Requirement: Everything in the listing below should be written out again exactly, except the pictures.

The data:
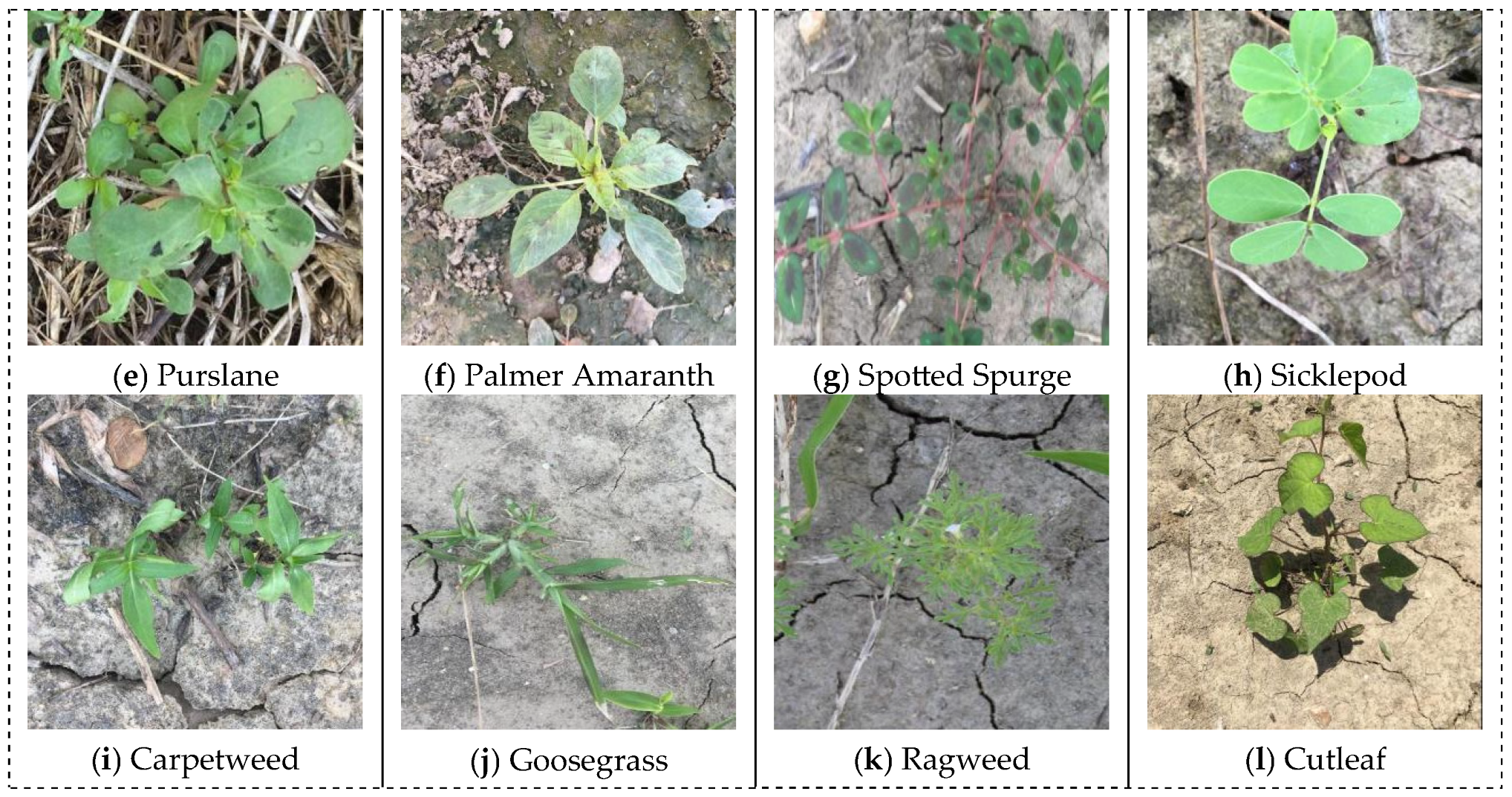 (b) A high-quality cotton field weed dataset has been constructed. Unlike existing datasets based on simple binary classification or laboratory settings, this dataset explicitly classifies 12 weed species, features more realistic complex backgrounds, and demonstrates robust performance in dense weed growth. It provides a foundation for evaluating the robustness and fine-grained classification capabilities of deep learning-based detection models.
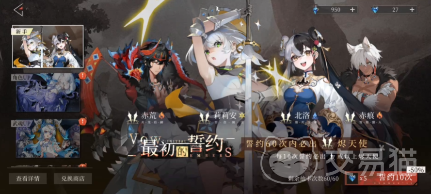 游戏中的可抽取角色统称为“烬天使”。单次抽取获取烬天使的基础概率为0.7%,而综合包含保底机制后的实际出率则为2.2%。这一数值与市面上多数同类作品持平,属于较为标准的设计范围。每进行60次“誓约”抽卡,必定能通过保底机制获得一名高稀有度角色。若此次抽到的是非UP的高星角色,则有50%的概率使下一次抽取UP角色的权重提升,从而增加后续获取主推角色的机会。
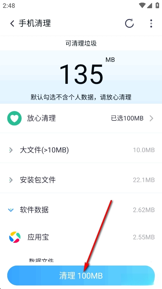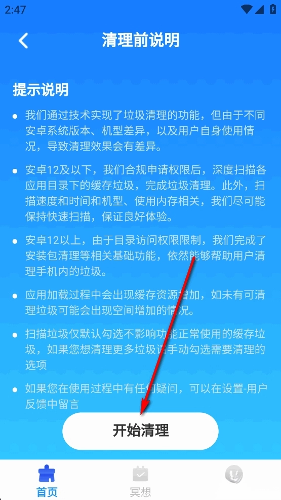 《万能垃圾清理》是成都塞涅信息科技有限公司开发的手机垃圾清理应用,具备视频清理、大文件清理、根目录清理等多样化清理功能,支持一键扫描并清理手机内的垃圾数据,帮助释放手机内存、优化运行速度,让设备告别卡顿问题;此外,软件还提供冥想、体重记录等实用功能供用户使用。

Result below:
 (b) A high-quality cotton field weed dataset has been constructed. Unlike existing datasets based on simple binary classification or laboratory settings, this dataset explicitly classifies 12 weed species, features more realistic complex backgrounds, and demonstrates robust performance in dense weed growth. It provides a foundation for evaluating the robustness and fine-grained classification capabilities of deep learning-based detection models.
 游戏中的可抽取角色统称为“烬天使”。单次抽取获取烬天使的基础概率为0.7%,而综合包含保底机制后的实际出率则为2.2%。这一数值与市面上多数同类作品持平,属于较为标准的设计范围。每进行60次“誓约”抽卡,必定能通过保底机制获得一名高稀有度角色。若此次抽到的是非UP的高星角色,则有50%的概率使下一次抽取UP角色的权重提升,从而增加后续获取主推角色的机会。
 《万能垃圾清理》是成都塞涅信息科技有限公司开发的手机垃圾清理应用,具备视频清理、大文件清理、根目录清理等多样化清理功能,支持一键扫描并清理手机内的垃圾数据,帮助释放手机内存、优化运行速度,让设备告别卡顿问题;此外,软件还提供冥想、体重记录等实用功能供用户使用。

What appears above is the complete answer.